[Opening Stored data section]
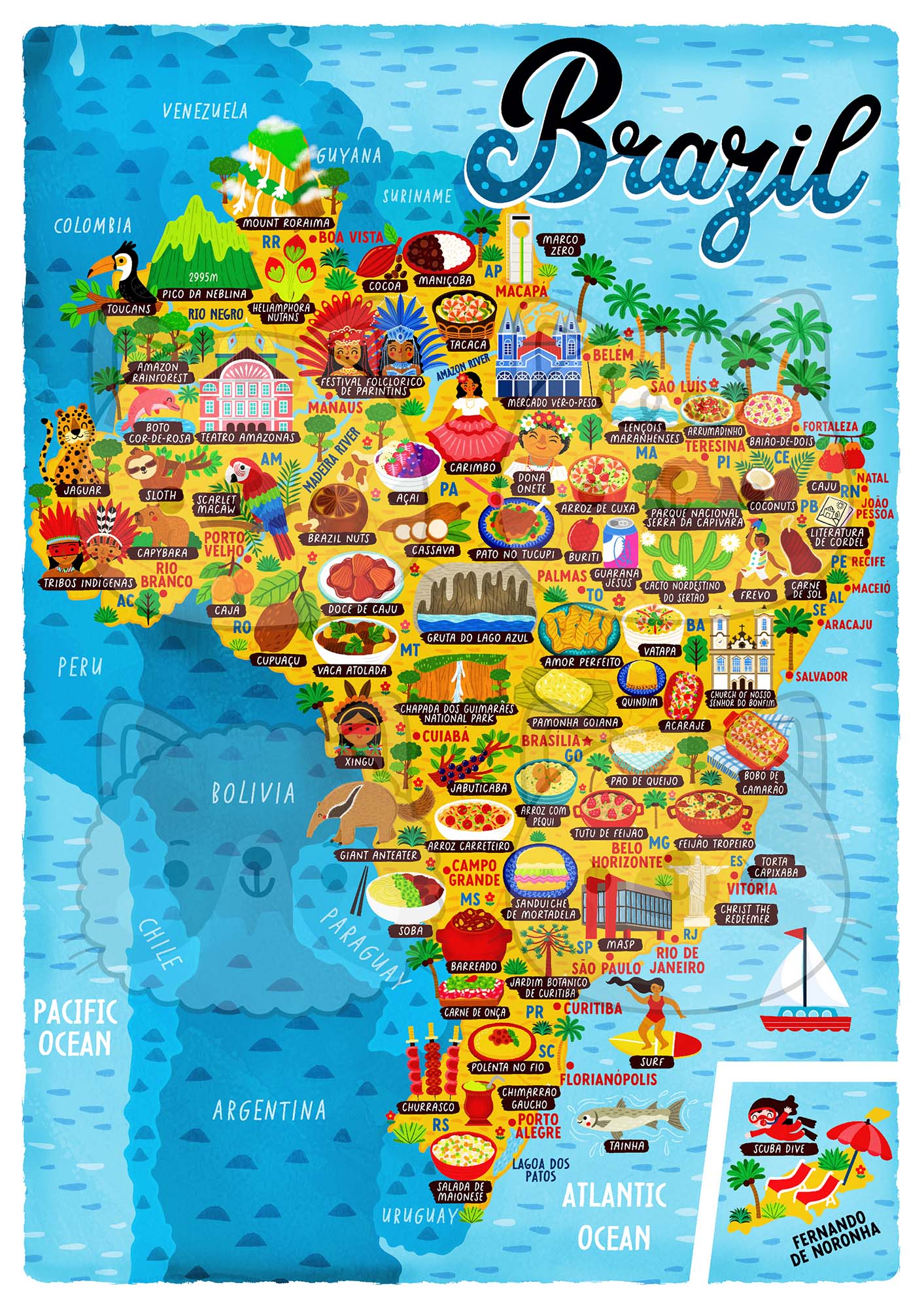 This Brazil map poster was really fun to create. I haven’t been to Brazil so research took a really long time for this and I requested lots of help, but here it is.
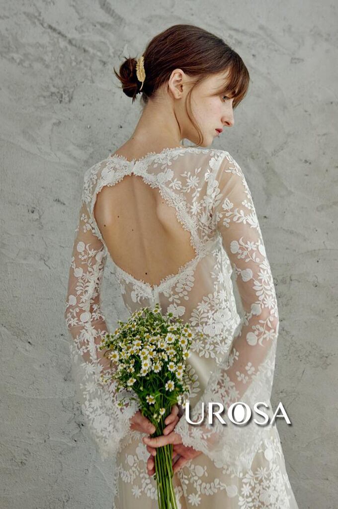 【ur22】ウェディングドレス レース 袖あり トレーン付き スレンダーライン ファスナータイプ ウエディングドレス 背中空き 前撮り 後撮り 披露宴 結婚式 海外挙式ドレス【オーダーメイド可能】【S・M・L】
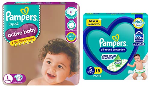 Pampers Active Baby Taped Diapers, Large size diapers, (L) 18 count, taped style custom fit & Pampers All round Protection Pants, Small size baby Diapers, (S) 15 Count Lotion with Aloe Vera
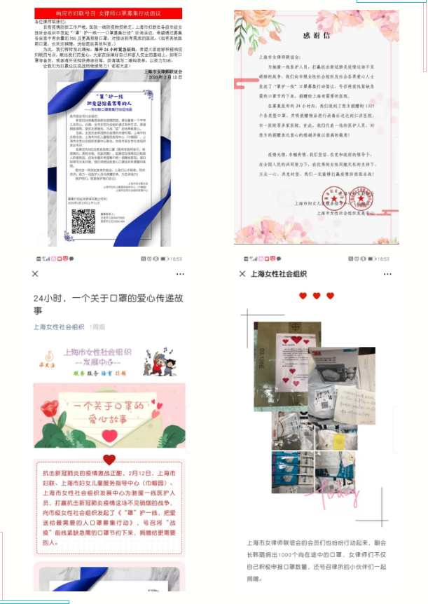 據(jù)不完全統(tǒng)計(jì),截止2020年2月17日,上海女律師已累計(jì)向武漢、上海等地戰(zhàn)“疫”一線(xiàn)捐贈(zèng)包括N95型號(hào)在內(nèi)的各類(lèi)醫(yī)用口罩67000余個(gè)、防護(hù)服1000多套、醫(yī)用護(hù)目鏡5840個(gè)、外科手套38,000雙、醫(yī)用帽10萬(wàn)個(gè),女醫(yī)護(hù)人員生理期用品及其他衛(wèi)生、保暖用品多批……上海明邁律師事務(wù)所顧海倫律師還發(fā)起向上海市第一人民醫(yī)院、復(fù)旦大學(xué)附屬華東醫(yī)院、復(fù)旦大學(xué)附屬華山醫(yī)院的一線(xiàn)白衣天使捐贈(zèng)面包送愛(ài)心活動(dòng),把剛出爐的面包送至醫(yī)院,把愛(ài)和支持融進(jìn)食物,溫暖著長(zhǎng)期一線(xiàn)奮戰(zhàn)甚至連吃飯也顧不上的白衣天使。
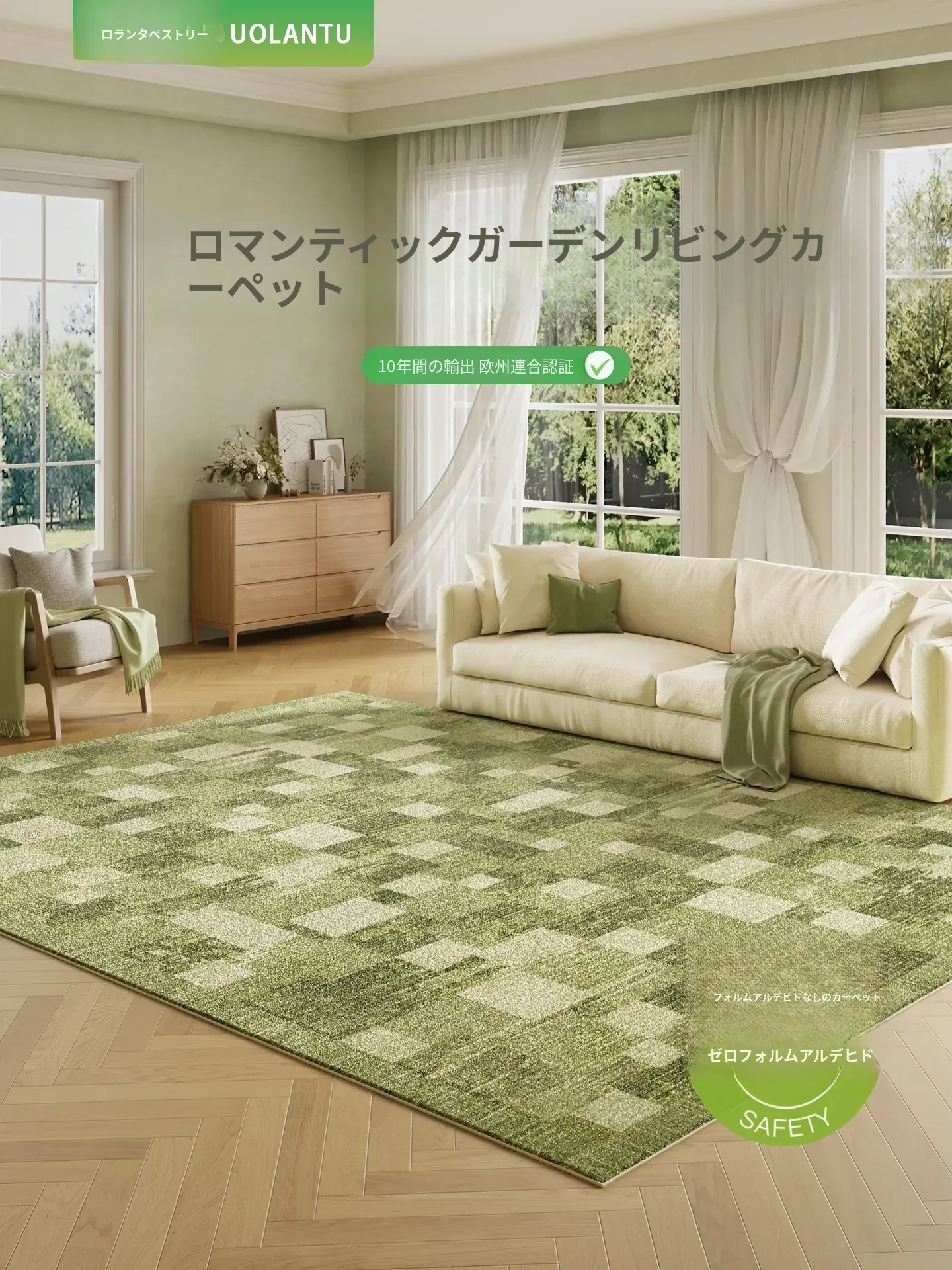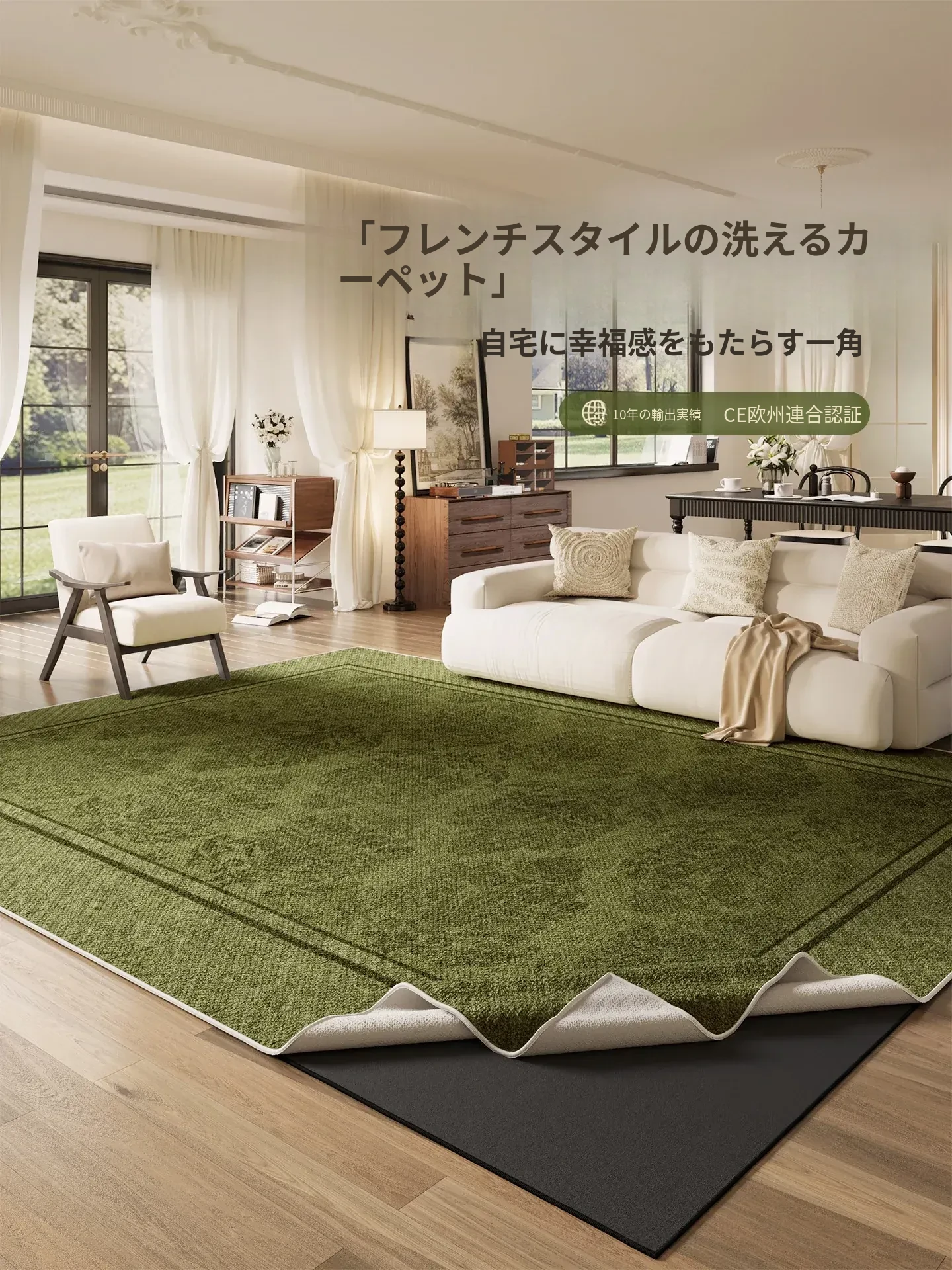 2025年新作!グリーンフレンチクリーム風ラグマット - お手入れ簡単で洗えない、リビングルームにぴったりの高級感漂うソファ&コーヒーテーブル用マット!
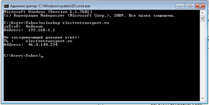 Долго ждать не пришлось. Щелкаю nslookup и получаю в ответ новое окошко
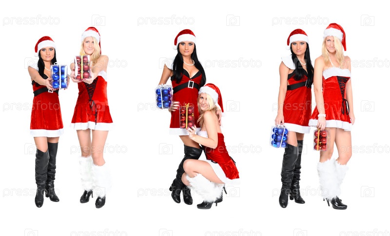 Две девушки в рождественских красных нарядах с коробками синих и красных елочных шаров. Набор из трех фотографий
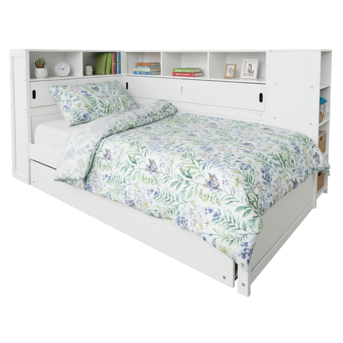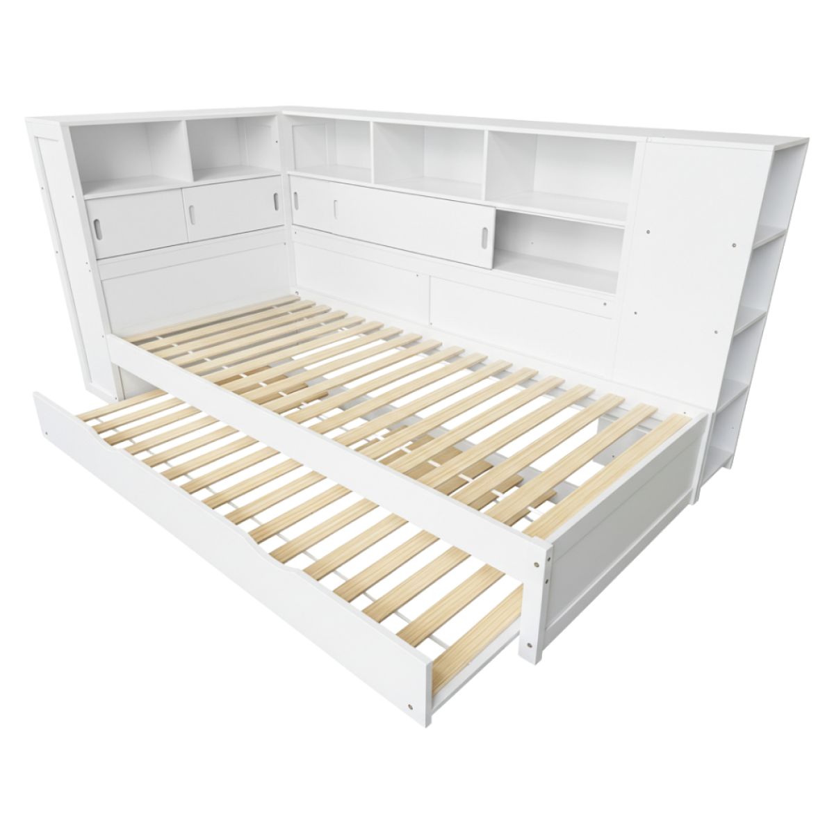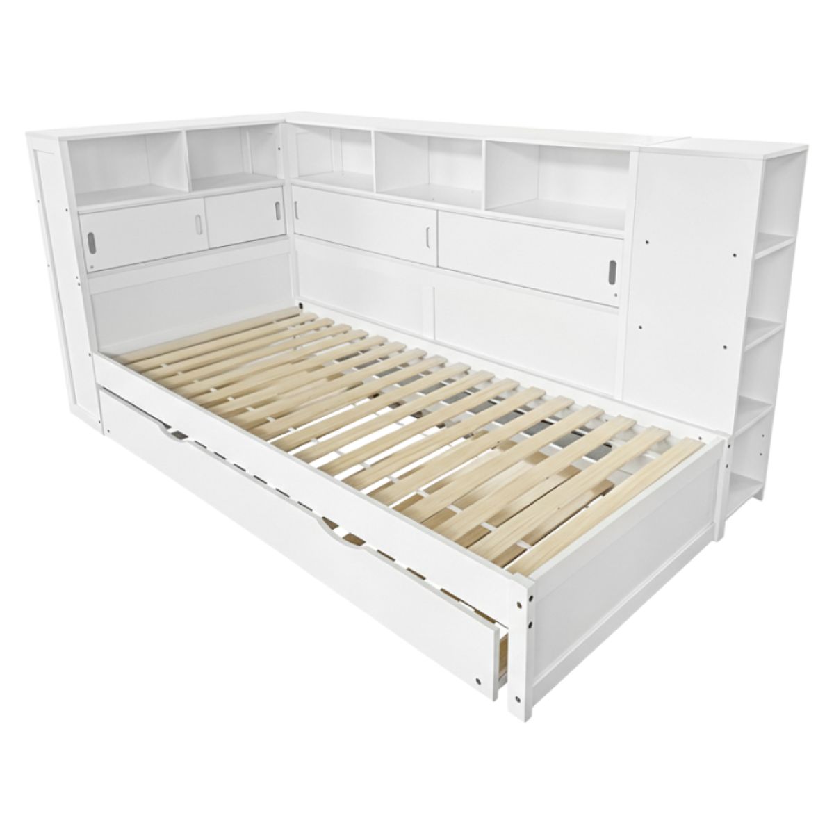 Pat cu rafturi şi pat suplimentar, alb, 90x200, LENDON
[Closing Stored data section]
- _Exercise requirements_
Copy out the material above exactly; the images stay out.

- _Result_
 This Brazil map poster was really fun to create. I haven’t been to Brazil so research took a really long time for this and I requested lots of help, but here it is.
 【ur22】ウェディングドレス レース 袖あり トレーン付き スレンダーライン ファスナータイプ ウエディングドレス 背中空き 前撮り 後撮り 披露宴 結婚式 海外挙式ドレス【オーダーメイド可能】【S・M・L】
 Pampers Active Baby Taped Diapers, Large size diapers, (L) 18 count, taped style custom fit & Pampers All round Protection Pants, Small size baby Diapers, (S) 15 Count Lotion with Aloe Vera
 據(jù)不完全統(tǒng)計(jì),截止2020年2月17日,上海女律師已累計(jì)向武漢、上海等地戰(zhàn)“疫”一線(xiàn)捐贈(zèng)包括N95型號(hào)在內(nèi)的各類(lèi)醫(yī)用口罩67000余個(gè)、防護(hù)服1000多套、醫(yī)用護(hù)目鏡5840個(gè)、外科手套38,000雙、醫(yī)用帽10萬(wàn)個(gè),女醫(yī)護(hù)人員生理期用品及其他衛(wèi)生、保暖用品多批……上海明邁律師事務(wù)所顧海倫律師還發(fā)起向上海市第一人民醫(yī)院、復(fù)旦大學(xué)附屬華東醫(yī)院、復(fù)旦大學(xué)附屬華山醫(yī)院的一線(xiàn)白衣天使捐贈(zèng)面包送愛(ài)心活動(dòng),把剛出爐的面包送至醫(yī)院,把愛(ài)和支持融進(jìn)食物,溫暖著長(zhǎng)期一線(xiàn)奮戰(zhàn)甚至連吃飯也顧不上的白衣天使。
 2025年新作!グリーンフレンチクリーム風ラグマット - お手入れ簡単で洗えない、リビングルームにぴったりの高級感漂うソファ&コーヒーテーブル用マット!
 Долго ждать не пришлось. Щелкаю nslookup и получаю в ответ новое окошко
 Две девушки в рождественских красных нарядах с коробками синих и красных елочных шаров. Набор из трех фотографий
 Pat cu rafturi şi pat suplimentar, alb, 90x200, LENDON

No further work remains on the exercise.